- [Task goal]
Search the records for "quente". Report every line where it occurs.

- [Study material]

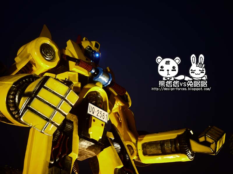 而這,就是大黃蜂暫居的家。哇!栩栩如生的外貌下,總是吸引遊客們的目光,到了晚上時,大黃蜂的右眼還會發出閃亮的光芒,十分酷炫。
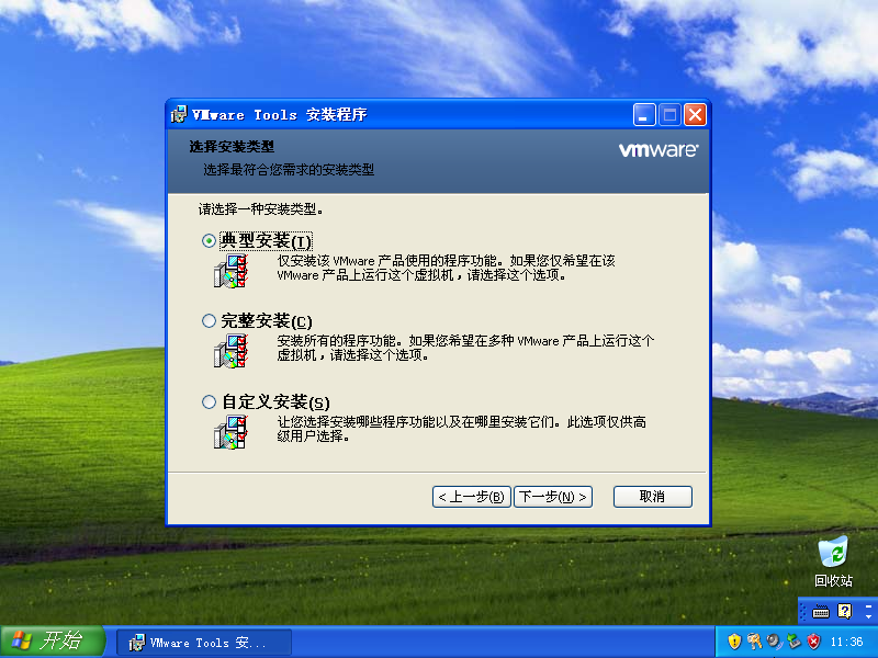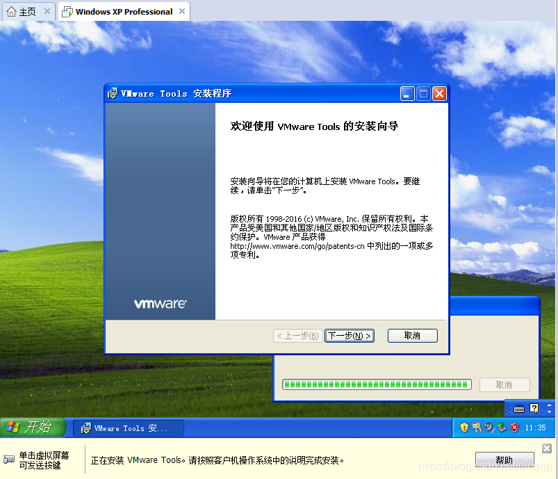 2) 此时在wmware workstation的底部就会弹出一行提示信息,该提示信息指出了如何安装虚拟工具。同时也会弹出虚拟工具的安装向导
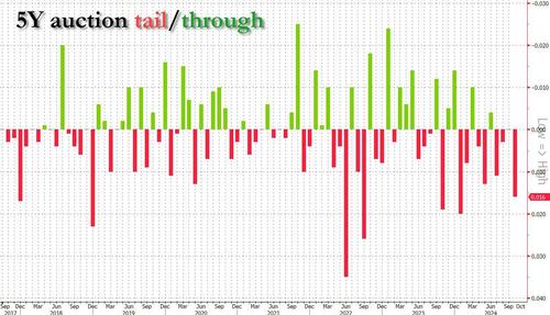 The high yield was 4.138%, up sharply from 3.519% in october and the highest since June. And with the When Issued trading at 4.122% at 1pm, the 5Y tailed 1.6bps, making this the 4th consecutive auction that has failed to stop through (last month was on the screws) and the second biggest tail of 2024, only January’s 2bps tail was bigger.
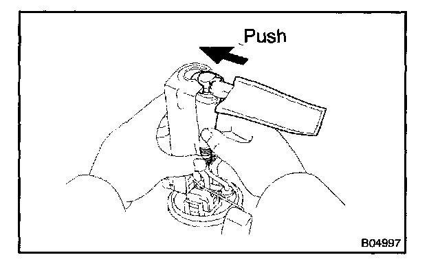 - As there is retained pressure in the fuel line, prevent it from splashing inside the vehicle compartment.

--

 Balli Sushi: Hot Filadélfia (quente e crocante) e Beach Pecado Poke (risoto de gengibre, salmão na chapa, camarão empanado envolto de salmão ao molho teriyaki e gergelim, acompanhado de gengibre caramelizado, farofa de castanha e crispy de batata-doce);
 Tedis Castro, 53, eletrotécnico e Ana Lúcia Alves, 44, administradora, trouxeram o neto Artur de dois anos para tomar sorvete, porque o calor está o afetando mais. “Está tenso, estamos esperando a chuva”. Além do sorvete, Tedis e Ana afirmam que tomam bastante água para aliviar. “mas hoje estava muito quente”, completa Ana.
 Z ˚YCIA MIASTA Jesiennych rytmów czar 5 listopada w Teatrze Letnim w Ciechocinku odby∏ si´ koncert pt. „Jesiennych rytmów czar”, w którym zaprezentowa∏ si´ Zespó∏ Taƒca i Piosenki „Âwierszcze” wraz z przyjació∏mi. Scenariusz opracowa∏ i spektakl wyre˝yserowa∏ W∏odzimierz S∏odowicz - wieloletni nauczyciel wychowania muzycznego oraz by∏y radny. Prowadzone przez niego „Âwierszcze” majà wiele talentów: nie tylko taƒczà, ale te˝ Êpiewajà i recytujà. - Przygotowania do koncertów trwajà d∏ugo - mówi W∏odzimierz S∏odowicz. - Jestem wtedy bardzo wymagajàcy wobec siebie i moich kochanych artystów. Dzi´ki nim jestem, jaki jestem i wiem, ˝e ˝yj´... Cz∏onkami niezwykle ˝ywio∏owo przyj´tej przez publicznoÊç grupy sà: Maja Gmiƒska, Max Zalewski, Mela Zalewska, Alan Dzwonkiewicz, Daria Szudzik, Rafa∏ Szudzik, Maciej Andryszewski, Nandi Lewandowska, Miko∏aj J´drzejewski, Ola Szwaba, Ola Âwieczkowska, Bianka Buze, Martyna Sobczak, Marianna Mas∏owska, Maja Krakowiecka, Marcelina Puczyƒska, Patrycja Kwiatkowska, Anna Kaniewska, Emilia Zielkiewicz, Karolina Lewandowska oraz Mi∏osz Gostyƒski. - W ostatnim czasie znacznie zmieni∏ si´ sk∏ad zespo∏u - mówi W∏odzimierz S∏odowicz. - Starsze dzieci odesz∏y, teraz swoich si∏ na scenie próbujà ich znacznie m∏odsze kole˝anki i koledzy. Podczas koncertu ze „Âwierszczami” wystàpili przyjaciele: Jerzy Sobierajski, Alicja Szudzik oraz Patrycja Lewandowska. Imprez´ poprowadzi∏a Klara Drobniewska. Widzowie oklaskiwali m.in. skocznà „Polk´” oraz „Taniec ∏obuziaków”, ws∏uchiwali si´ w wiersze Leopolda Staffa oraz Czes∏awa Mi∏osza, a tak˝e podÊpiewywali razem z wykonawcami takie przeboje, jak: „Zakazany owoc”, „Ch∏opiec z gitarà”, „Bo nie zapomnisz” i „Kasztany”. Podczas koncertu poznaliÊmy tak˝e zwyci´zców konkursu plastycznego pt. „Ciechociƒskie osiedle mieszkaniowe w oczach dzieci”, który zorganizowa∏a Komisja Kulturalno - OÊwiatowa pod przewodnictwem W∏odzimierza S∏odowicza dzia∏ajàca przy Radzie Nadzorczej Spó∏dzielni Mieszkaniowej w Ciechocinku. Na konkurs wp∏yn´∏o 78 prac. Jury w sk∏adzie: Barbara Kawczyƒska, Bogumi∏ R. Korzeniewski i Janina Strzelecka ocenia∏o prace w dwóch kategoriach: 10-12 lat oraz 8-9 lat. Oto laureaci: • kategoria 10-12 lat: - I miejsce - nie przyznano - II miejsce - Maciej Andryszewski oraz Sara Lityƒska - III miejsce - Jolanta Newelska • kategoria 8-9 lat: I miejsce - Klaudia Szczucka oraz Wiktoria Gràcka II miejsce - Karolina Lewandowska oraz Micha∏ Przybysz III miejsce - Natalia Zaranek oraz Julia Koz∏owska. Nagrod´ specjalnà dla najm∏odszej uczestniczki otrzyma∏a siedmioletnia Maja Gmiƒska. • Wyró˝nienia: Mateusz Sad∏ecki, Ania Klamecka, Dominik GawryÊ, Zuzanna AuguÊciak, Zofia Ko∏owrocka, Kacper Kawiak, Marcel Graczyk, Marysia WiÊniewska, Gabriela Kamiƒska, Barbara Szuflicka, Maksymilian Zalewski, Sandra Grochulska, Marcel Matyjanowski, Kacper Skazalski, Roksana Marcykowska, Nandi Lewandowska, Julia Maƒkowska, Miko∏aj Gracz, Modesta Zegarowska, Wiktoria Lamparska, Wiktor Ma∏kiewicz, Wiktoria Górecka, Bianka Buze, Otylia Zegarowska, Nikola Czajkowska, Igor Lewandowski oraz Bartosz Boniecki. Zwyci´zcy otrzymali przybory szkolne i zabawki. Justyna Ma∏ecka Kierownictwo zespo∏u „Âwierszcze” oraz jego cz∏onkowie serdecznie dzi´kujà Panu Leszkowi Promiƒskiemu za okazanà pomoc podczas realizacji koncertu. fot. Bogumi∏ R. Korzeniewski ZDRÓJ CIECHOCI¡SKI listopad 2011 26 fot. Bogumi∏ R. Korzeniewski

- [Solution for this task]
 Balli Sushi: Hot Filadélfia (quente e crocante) e Beach Pecado Poke (risoto de gengibre, salmão na chapa, camarão empanado envolto de salmão ao molho teriyaki e gergelim, acompanhado de gengibre caramelizado, farofa de castanha e crispy de batata-doce);
 Tedis Castro, 53, eletrotécnico e Ana Lúcia Alves, 44, administradora, trouxeram o neto Artur de dois anos para tomar sorvete, porque o calor está o afetando mais. “Está tenso, estamos esperando a chuva”. Além do sorvete, Tedis e Ana afirmam que tomam bastante água para aliviar. “mas hoje estava muito quente”, completa Ana.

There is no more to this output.